### Work item
Once you find the line with "2024年12月22日,第四", transcribe it and all the lines that follow to the end of the data, exactly as written; skip any pictures.

### Dataset extract
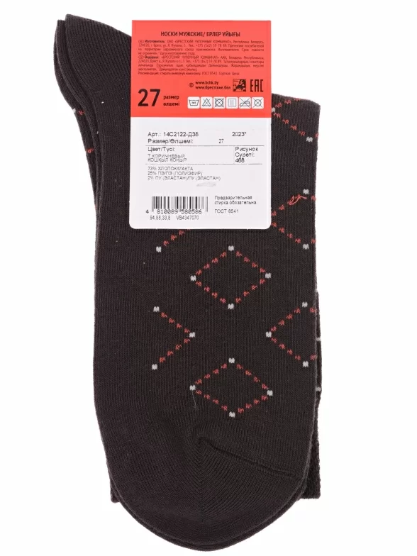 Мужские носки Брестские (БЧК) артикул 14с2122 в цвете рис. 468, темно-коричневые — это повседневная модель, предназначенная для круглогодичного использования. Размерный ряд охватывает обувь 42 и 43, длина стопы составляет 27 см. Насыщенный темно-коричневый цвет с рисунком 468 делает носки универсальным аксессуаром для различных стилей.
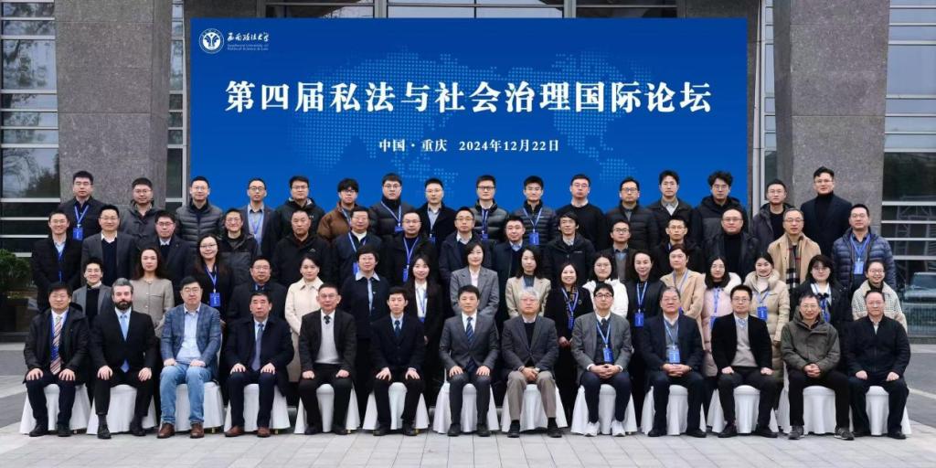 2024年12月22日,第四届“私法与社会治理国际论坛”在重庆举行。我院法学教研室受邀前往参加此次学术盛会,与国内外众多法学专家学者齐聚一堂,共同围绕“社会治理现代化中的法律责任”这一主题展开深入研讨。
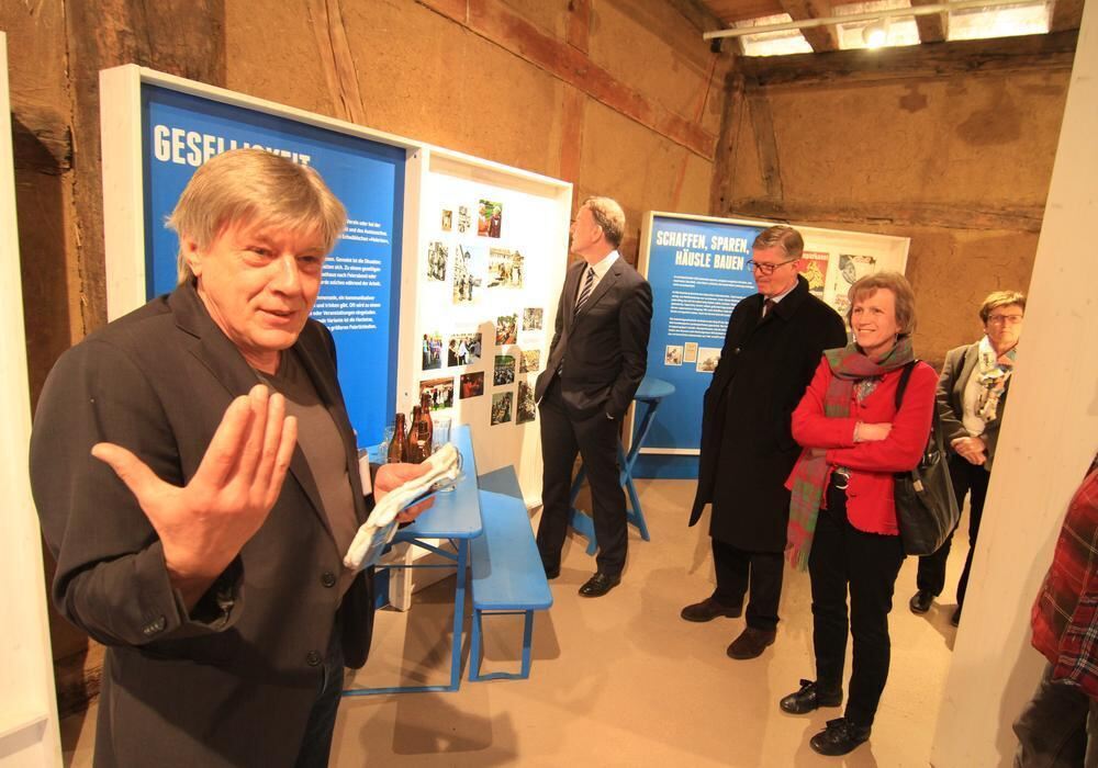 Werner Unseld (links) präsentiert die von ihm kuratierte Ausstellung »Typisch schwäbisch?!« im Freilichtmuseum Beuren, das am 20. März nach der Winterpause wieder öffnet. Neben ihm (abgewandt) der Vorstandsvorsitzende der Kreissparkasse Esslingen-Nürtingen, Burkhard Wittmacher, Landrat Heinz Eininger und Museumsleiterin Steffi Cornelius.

### Solution below
 2024年12月22日,第四届“私法与社会治理国际论坛”在重庆举行。我院法学教研室受邀前往参加此次学术盛会,与国内外众多法学专家学者齐聚一堂,共同围绕“社会治理现代化中的法律责任”这一主题展开深入研讨。
 Werner Unseld (links) präsentiert die von ihm kuratierte Ausstellung »Typisch schwäbisch?!« im Freilichtmuseum Beuren, das am 20. März nach der Winterpause wieder öffnet. Neben ihm (abgewandt) der Vorstandsvorsitzende der Kreissparkasse Esslingen-Nürtingen, Burkhard Wittmacher, Landrat Heinz Eininger und Museumsleiterin Steffi Cornelius.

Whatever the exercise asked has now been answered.